=== WHAT YOU NEED TO DO ===
Beginning at the line that mentions "2022年卡塔爾足球世界杯于", retype the rest of the records below exactly. Pictures are not part of the copy.

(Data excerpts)
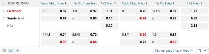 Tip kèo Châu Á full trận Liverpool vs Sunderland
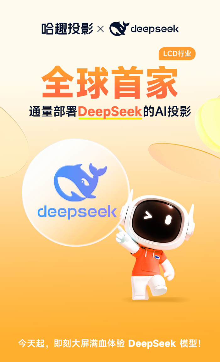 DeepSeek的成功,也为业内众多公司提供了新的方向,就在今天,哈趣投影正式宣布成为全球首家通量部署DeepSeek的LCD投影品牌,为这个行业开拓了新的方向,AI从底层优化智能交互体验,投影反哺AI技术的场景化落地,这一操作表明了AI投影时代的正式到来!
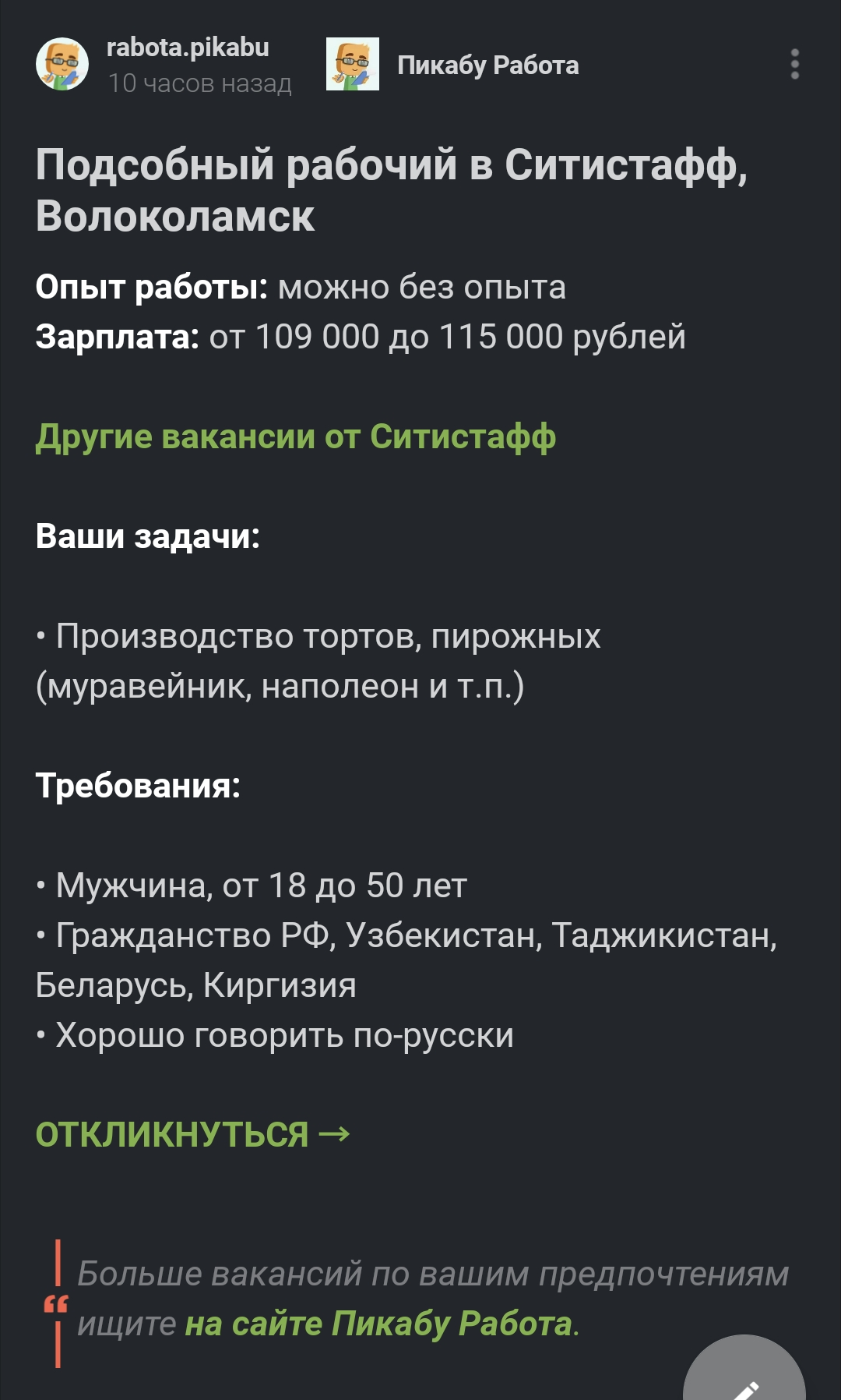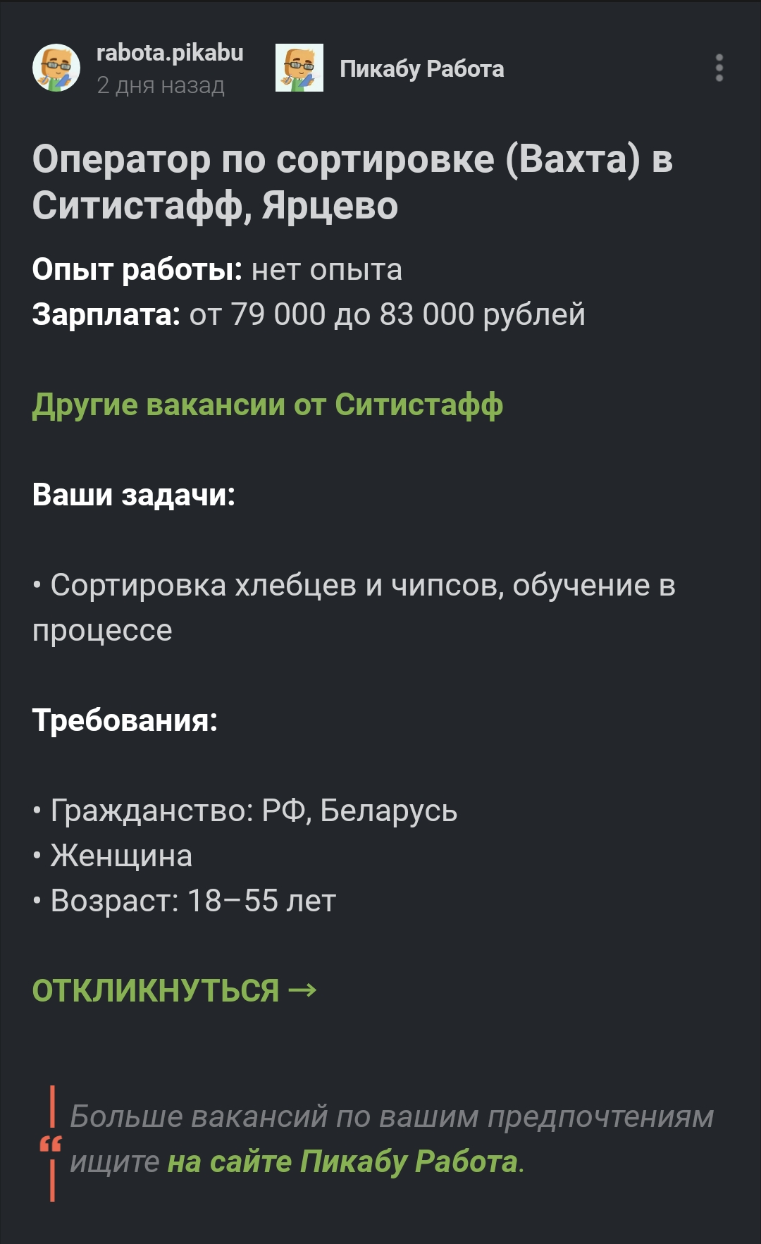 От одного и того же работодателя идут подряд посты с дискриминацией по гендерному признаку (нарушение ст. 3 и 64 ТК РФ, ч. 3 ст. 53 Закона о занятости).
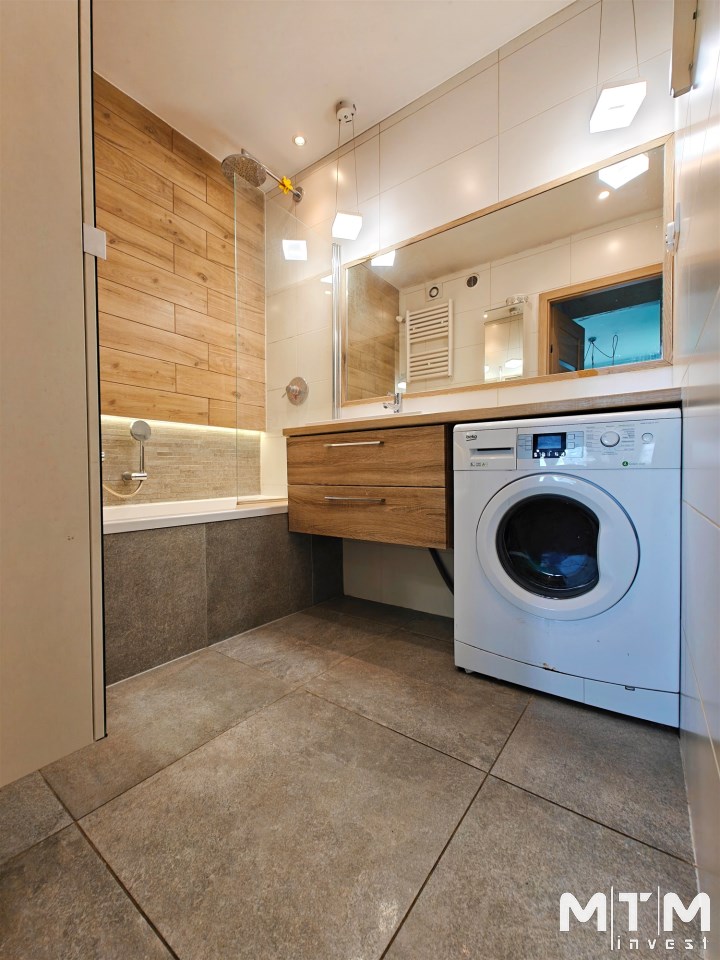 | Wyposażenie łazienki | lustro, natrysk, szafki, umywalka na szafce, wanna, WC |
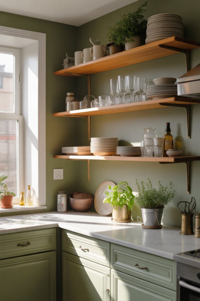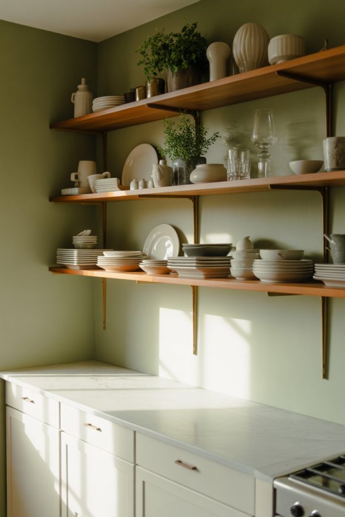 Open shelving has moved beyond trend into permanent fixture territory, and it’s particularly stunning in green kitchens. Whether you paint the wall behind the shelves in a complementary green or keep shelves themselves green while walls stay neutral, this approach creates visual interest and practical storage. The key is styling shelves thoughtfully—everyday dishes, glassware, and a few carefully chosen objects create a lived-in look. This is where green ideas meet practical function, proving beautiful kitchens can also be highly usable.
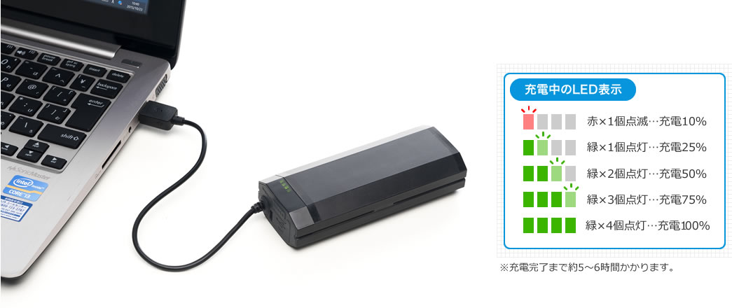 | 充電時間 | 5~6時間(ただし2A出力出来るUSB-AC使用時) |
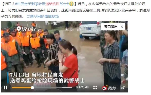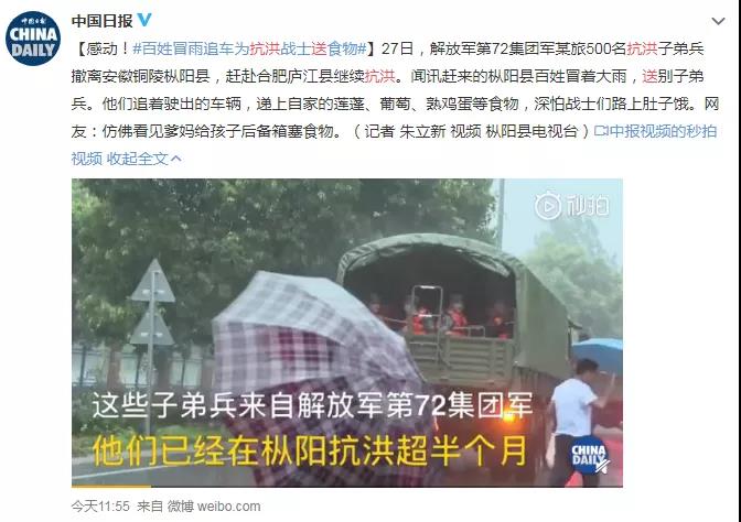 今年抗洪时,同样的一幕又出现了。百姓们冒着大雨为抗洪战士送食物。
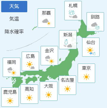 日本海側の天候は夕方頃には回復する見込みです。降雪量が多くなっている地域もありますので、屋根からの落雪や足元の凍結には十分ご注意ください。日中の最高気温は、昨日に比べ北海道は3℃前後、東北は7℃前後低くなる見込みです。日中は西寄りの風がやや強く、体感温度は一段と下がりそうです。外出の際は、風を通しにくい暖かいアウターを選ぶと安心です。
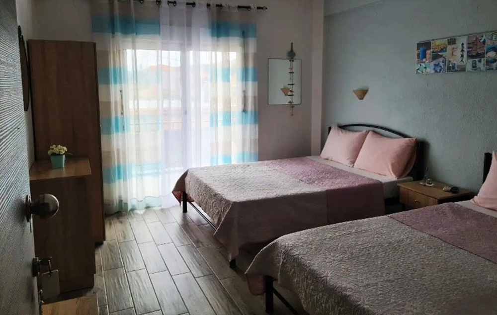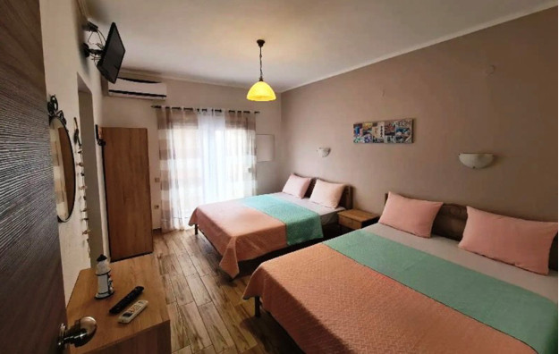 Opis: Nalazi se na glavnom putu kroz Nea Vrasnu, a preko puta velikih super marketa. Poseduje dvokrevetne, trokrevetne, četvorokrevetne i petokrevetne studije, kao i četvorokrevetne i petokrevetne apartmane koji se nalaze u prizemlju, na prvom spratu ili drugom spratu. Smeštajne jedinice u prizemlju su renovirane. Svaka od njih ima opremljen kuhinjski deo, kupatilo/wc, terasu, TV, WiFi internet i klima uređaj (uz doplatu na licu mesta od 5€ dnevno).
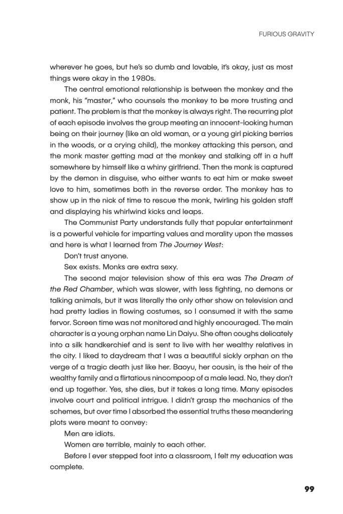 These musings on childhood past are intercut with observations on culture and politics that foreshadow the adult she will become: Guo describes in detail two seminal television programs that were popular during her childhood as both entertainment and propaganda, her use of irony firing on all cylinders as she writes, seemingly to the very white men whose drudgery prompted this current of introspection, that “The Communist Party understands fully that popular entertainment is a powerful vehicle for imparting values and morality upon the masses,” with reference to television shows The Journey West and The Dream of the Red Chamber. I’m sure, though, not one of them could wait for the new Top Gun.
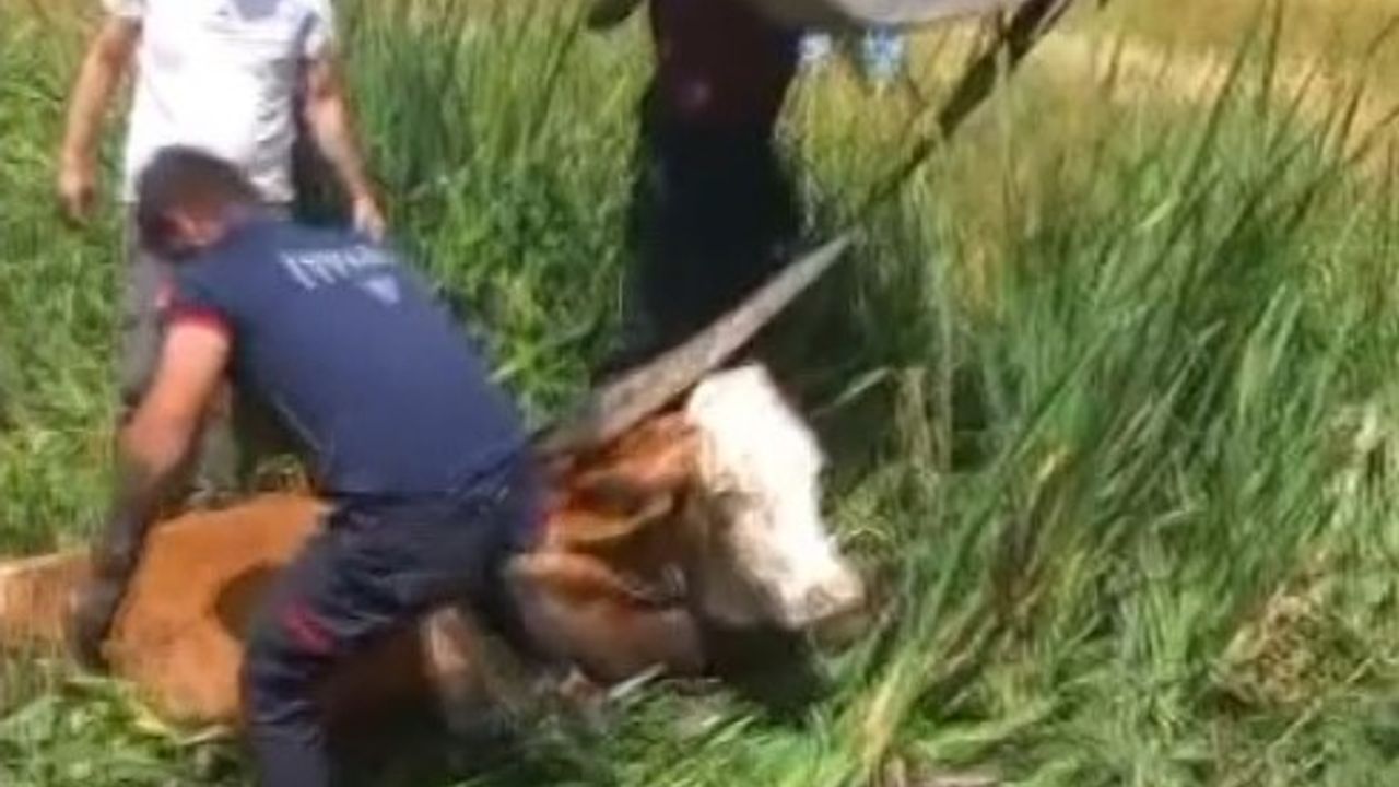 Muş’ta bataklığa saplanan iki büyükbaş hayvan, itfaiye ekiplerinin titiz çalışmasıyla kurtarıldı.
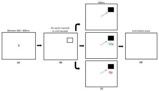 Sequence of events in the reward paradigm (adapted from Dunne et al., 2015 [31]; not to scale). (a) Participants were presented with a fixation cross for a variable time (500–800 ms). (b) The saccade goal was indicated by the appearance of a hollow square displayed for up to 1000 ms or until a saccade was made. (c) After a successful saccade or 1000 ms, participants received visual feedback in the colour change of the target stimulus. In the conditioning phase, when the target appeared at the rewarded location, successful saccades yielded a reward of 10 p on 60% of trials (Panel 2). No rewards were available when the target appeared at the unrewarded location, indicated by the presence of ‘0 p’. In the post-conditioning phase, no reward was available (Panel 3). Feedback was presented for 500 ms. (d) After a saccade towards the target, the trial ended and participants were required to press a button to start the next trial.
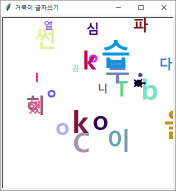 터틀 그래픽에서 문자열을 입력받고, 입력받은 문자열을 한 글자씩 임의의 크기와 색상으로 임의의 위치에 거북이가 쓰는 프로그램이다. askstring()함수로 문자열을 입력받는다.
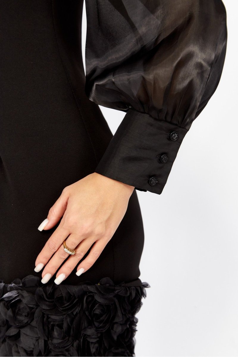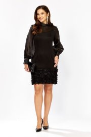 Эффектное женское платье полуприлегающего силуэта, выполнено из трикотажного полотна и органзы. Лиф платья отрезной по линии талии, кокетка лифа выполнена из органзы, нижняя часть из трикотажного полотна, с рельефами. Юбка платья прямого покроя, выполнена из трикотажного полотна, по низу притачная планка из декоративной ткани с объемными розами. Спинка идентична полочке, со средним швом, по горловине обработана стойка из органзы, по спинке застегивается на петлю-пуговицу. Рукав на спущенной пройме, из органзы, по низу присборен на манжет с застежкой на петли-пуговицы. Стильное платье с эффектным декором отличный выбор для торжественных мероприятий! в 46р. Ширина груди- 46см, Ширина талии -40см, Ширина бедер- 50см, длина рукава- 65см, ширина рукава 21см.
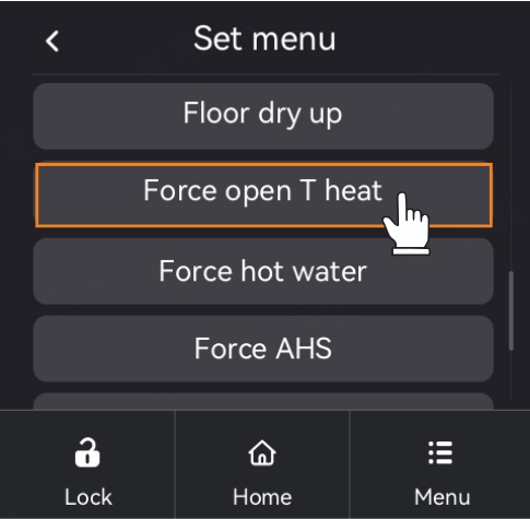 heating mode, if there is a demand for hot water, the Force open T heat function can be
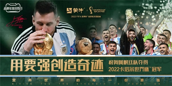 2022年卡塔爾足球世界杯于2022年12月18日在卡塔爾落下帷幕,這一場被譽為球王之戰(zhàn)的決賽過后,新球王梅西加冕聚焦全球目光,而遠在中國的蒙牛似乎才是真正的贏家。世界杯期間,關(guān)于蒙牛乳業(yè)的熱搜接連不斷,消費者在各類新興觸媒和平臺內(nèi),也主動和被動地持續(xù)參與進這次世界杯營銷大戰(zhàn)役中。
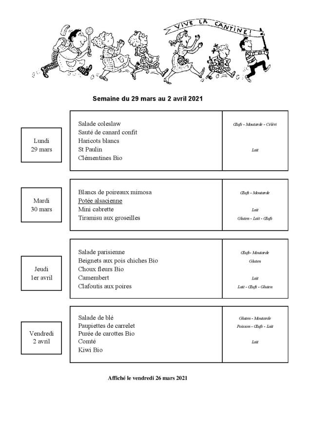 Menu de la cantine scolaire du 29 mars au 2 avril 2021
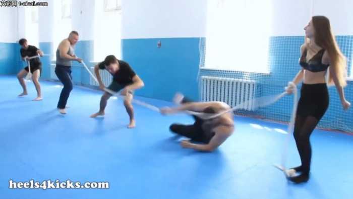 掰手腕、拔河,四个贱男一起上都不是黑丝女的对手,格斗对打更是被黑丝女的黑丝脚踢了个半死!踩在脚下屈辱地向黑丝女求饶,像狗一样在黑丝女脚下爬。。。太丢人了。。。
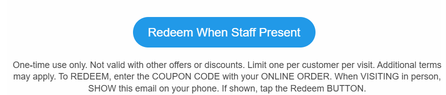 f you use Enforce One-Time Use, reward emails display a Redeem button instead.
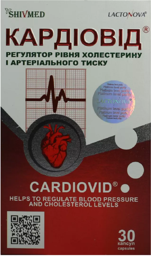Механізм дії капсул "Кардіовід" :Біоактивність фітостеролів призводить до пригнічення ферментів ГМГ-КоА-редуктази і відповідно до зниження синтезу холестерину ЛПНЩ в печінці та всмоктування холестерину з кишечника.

=== COMPLETED TASK ===
 2022年卡塔爾足球世界杯于2022年12月18日在卡塔爾落下帷幕,這一場被譽為球王之戰(zhàn)的決賽過后,新球王梅西加冕聚焦全球目光,而遠在中國的蒙牛似乎才是真正的贏家。世界杯期間,關(guān)于蒙牛乳業(yè)的熱搜接連不斷,消費者在各類新興觸媒和平臺內(nèi),也主動和被動地持續(xù)參與進這次世界杯營銷大戰(zhàn)役中。
 Menu de la cantine scolaire du 29 mars au 2 avril 2021
 掰手腕、拔河,四个贱男一起上都不是黑丝女的对手,格斗对打更是被黑丝女的黑丝脚踢了个半死!踩在脚下屈辱地向黑丝女求饶,像狗一样在黑丝女脚下爬。。。太丢人了。。。
 f you use Enforce One-Time Use, reward emails display a Redeem button instead.
Механізм дії капсул "Кардіовід" :Біоактивність фітостеролів призводить до пригнічення ферментів ГМГ-КоА-редуктази і відповідно до зниження синтезу холестерину ЛПНЩ в печінці та всмоктування холестерину з кишечника.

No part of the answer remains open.